Acte I : Le mensonge inaugural, 1975

Tout commence à la faculté de médecine de Lyon, à l'automne 1975. Jean-Claude Romand, 18 ans, fils d'un garde forestier des Alpes, s'inscrit en première année de médecine. C'est là qu'il rencontre Florence Crolet, dont il tombe amoureux.

En juin 1976, il rate son examen de passage en deuxième année. C'est un échec banal : les deux tiers de ses camarades subissent le même sort. La différence, c'est ce qu'il décide ce soir-là : il ne dit rien à personne. Il continue de se lever le matin, de prendre sa voiture, de partir "à la fac". Sauf qu'il ne va nulle part. Il passe ses journées dans sa voiture, dans des cafés, dans des forêts. Il rentre le soir à la même heure.

Un an plus tard, il "passe" en troisième année. Puis il "obtient" sa maîtrise. Puis son doctorat. Puis son poste de chercheur à Genève, à l'Organisation Mondiale de la Santé.

« Il passait ses journées dans sa voiture garée sur des aires d'autoroute, dans des forêts, sur des parkings de supermarchés. Parfois il regardait la frontière suisse sans la franchir. »
Emmanuel Carrère, L'Adversaire (2000)
Route vide dans la nuit Il errait. Pendant dix-huit ans.

Acte II : Construire une vie entière sur du vent

Pour entretenir l'illusion, Romand est devenu un artiste. Il parle de ses "recherches" avec suffisamment de vague pour sembler crédible. Il voyage en Suisse une ou deux fois par an, pas pour travailler à l'OMS, mais pour y rôder, photographier les couloirs, mémoriser les noms des vrais chercheurs.

Il a un bureau imaginaire au Département de médecine interne. Un salaire imaginaire de 24 000 francs par mois. Des collègues imaginaires dont il cite les prénoms au dîner. Des conférences imaginaires à Washington, à Tokyo, à Vienne.

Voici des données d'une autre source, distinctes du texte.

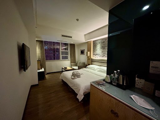 This is a decent budget hotel with clean room & bathroom to sleep after all day out visiting/shopping. Front desk is informative. If your back facing the hotel, on your left walk straight down on the main road for 10-12 mins until you see to landmark of Panda crawling backside on the top of IFS, Chengdu. Cross the road if go IFS; dont cross the road if you want to shop at Chunxi Street. Taiko Li is behind IFS or Silver Building. The streets are bustling with people, shops/merchandise, buildings with wonderful neon lightings that surely worth your social media posts. Opposite Panda landmark is the 24hrs shuttle bus stop that goes to Tianfu Airport, vice versa at RMB15 one way. Alternatively if you have heavy luggages you can take a 1 hr cab ride to Tianfu via highway around RMB210. Plan 3 hours ahead your flight if you plan to shop in duty free.There are convenient store on your left, boutique and fruit store on right. There is a local tour shop at the hotel lobby. Any day trip arrangements to Panda Research Center, Sanxingdui Museum, Leshan, Jiuzhaigao, Er Mei Shan, Pingle Ancient Town/Tiantai Mountain, etc are available, reasonably priced, accommodating and friendly to foreign tourists. Suggestion: Extra portable heater to be available as the heater can blow and reach bed area only ya; the corner room is big and spacious. Bathroom and sofa area were...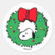 Sticker Rond Cercle de Noël Snoopy avec nœud | Peanuts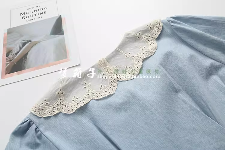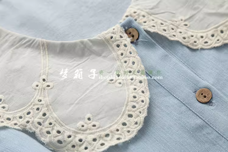 牛仔面料,镂空刺绣蕾丝娃娃领,腰间褶皱设计

L'architecture du mensonge

  • Diplômes : Tous faux. Doctorat de médecine, habilitation à diriger des recherches : aucun n'existait.
  • Emploi : Il ne mit jamais les pieds dans les bureaux de l'OMS en tant que salarié.
  • Revenus : Il "gérait" l'épargne de ses proches pour "l'investir" via des réseaux suisses. En réalité, il la dépensait.
  • Réseau social : Tous ses amis, sa femme, ses parents le croyaient sincèrement médecin à l'OMS. Personne n'avait vérifié. Personne.

Ce qui est peut-être le plus vertigineux, c'est la logistique du mensonge. Romand devait mémoriser des dizaines de détails, maintenir une cohérence sur dix-huit ans, adapter son récit sans jamais se contredire. C'est une performance intellectuelle hallucinante, mise au service d'un vide absolu.

Acte III : L'argent, le poison lent

À partir du début des années 1980, Romand commence à court-circuiter ses mensonges par un nouveau problème : il lui faut de l'argent. Son "salaire" de l'OMS n'existe pas, mais les factures arrivent. La maison à Prévessin-Moëns, les vacances, les vêtements des enfants : tout cela coûte.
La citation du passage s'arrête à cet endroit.